(EXERCISE INPUT)
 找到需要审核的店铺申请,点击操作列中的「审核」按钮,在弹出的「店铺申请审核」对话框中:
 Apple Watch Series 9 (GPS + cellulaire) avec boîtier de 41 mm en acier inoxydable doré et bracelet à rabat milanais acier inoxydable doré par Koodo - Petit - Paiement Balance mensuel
(End EXERCISE INPUT)
(EXERCISE INPUT)
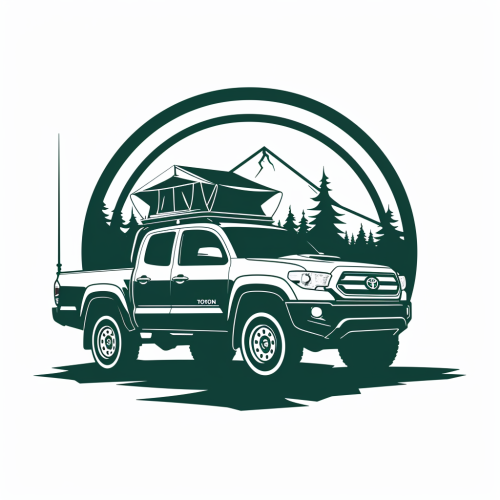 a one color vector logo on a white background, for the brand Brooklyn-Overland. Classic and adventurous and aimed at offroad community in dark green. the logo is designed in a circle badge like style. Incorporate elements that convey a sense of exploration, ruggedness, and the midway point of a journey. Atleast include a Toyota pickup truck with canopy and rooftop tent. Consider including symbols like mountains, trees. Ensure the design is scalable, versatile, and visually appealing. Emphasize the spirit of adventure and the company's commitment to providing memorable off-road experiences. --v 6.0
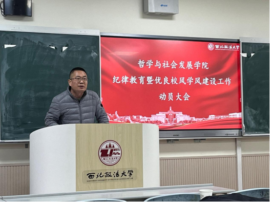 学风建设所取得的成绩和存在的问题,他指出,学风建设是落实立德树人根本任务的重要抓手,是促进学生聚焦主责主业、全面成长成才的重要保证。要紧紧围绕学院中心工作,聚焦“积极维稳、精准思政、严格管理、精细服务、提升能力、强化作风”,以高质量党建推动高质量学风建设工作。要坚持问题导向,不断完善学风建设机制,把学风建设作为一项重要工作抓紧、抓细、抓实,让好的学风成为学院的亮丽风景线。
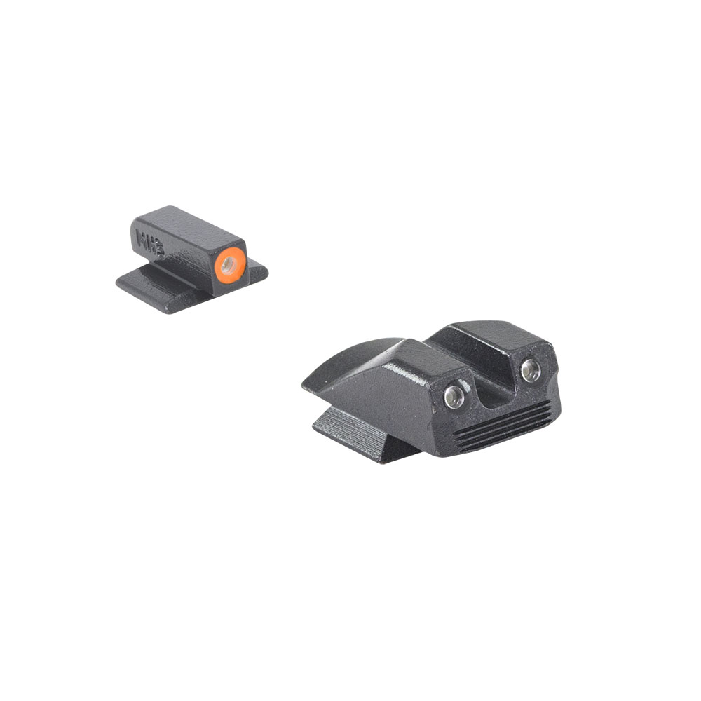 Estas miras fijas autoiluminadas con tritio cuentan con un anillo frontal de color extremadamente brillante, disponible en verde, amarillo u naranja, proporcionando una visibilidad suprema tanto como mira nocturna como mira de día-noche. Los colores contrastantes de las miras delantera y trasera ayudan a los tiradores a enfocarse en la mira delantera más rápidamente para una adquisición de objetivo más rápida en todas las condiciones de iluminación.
(End EXERCISE INPUT)
(EXERCISE INPUT)
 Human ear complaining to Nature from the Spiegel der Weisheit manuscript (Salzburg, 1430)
(End EXERCISE INPUT)
» ASSIGNED TASK
Your answer should be the lines above, from the line containing "找到需要审核的店铺申请,点击" up to and including the line containing "Apple Watch Series", reproduced exactly and with nothing else.

» ANSWER SPACE
 找到需要审核的店铺申请,点击操作列中的「审核」按钮,在弹出的「店铺申请审核」对话框中:
 Apple Watch Series 9 (GPS + cellulaire) avec boîtier de 41 mm en acier inoxydable doré et bracelet à rabat milanais acier inoxydable doré par Koodo - Petit - Paiement Balance mensuel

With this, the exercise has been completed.